Employers oppose arbitration on the grounds that it could require them to pay excessive compensation to workers, eventually forcing firms out of business. The contrast between the financial position of the unionized Big Three Detroit auto companies and the non-unionized transplants in the south shows how unionization affects the bottom line.

Binding arbitration could have even more pernicious consequences than ending the secret ballot. It would allow an undefined arbitration board, appointed by the Federal Mediation and Conciliation Service, itself headed by a political appointee, to set compensation packages for firms and workers that they would be forced to accept.

Unlike voluntary arbitration, the parties would not have an opportunity to choose members of the panel, nor would they have recourse to a higher authority, such as the courts, if they were dissatisfied with the results. Workers could be required to accept lower salaries and less vacation than they could get elsewhere, and firms could be forced into unproductive agreements that could eventually lead to bankruptcy.

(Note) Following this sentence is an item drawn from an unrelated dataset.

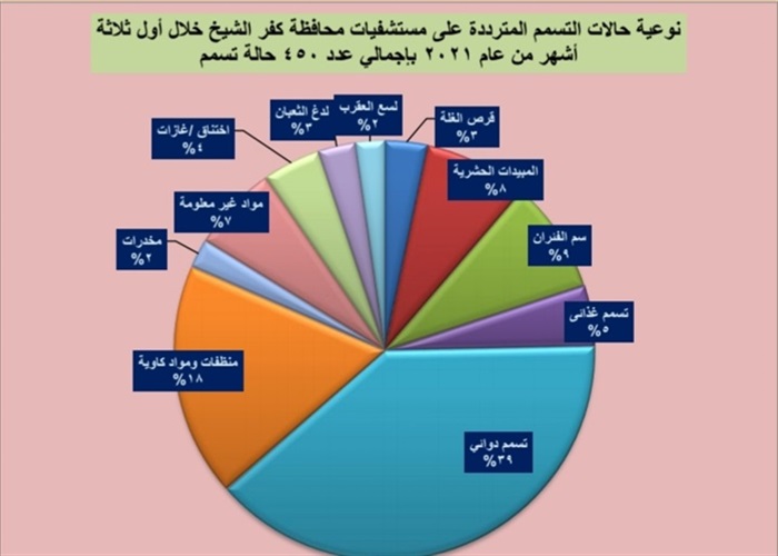 قام قسم السموم بإدارة الرعاية الحرجة والعاجلة بمديرية الصحة بكفر الشيخ، بقيادة الدكتورة انتصار نظمى، مسئول ملف السموم، بتقديم الخدمة الطبية لمصابى التسمم بجميع مستشفيات كفر الشيخ بما يتراوح 2430 حالة، وارتفاع معدل تحسن حالات التسمم إلي 87٪، وتواجه معدلات نقل الحالات خارج المحافظة إلي 2٪.

With just a few lines of legislative language, Congress would revoke for newly-organized firms the principle of free collective bargaining—that employers and unions may walk away from a contract they find unsatisfactory.

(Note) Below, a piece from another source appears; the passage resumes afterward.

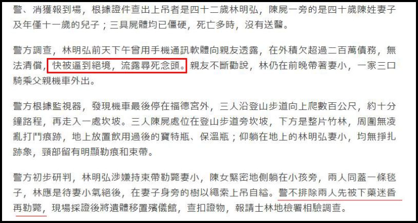 根据警方判断,他先是将老婆以及不满12岁的儿子迷昏后,再残忍勒死,最后再自杀。

The bill does not specify who would pick the panel or how many members it would have, because the Mediation Service would write the regulations. The panel would not have to be industry or regional experts, familiar with the firms in a particular part of the country. The bill is unclear on how the arbitration panel would gain information it needs to decide worker compensation—not only wages, but also vacation, sick leave, promotion opportunities, discipline, and pensions.

The arbitration panel would not have to take into account compensation policies of rival firms, surely a relevant factor. A newly-organized firm could find that its costs were set higher than its competitors, leading to loss of market share and the need to downsize. Except, of course, that downsizing would undoubtedly be strictly regulated under the terms of the contract.

The banking and auto crises have shown us that it’s hard to keep political expediency or favoritism out of economic decision-making. Former Treasury Secretary Henry Paulson and Federal Reserve Chairman Ben Bernanke reportedly pressured Bank of America CEO Ken Lewis not to reveal crucial financial details about Merill Lynch to shareholders. And President Obama attacked hedge funds for wanting to keep shares of Chrysler assets that are legally theirs, while giving the United Auto Workers 55 percent of the company.

Because neither employers nor workers should be forced to participate in contracts against their will, there’s nothing more dangerous than allowing the government to impose binding arbitration on workers and companies. Senators of both parties have wisely rejected card check, and they should also reject binding arbitration.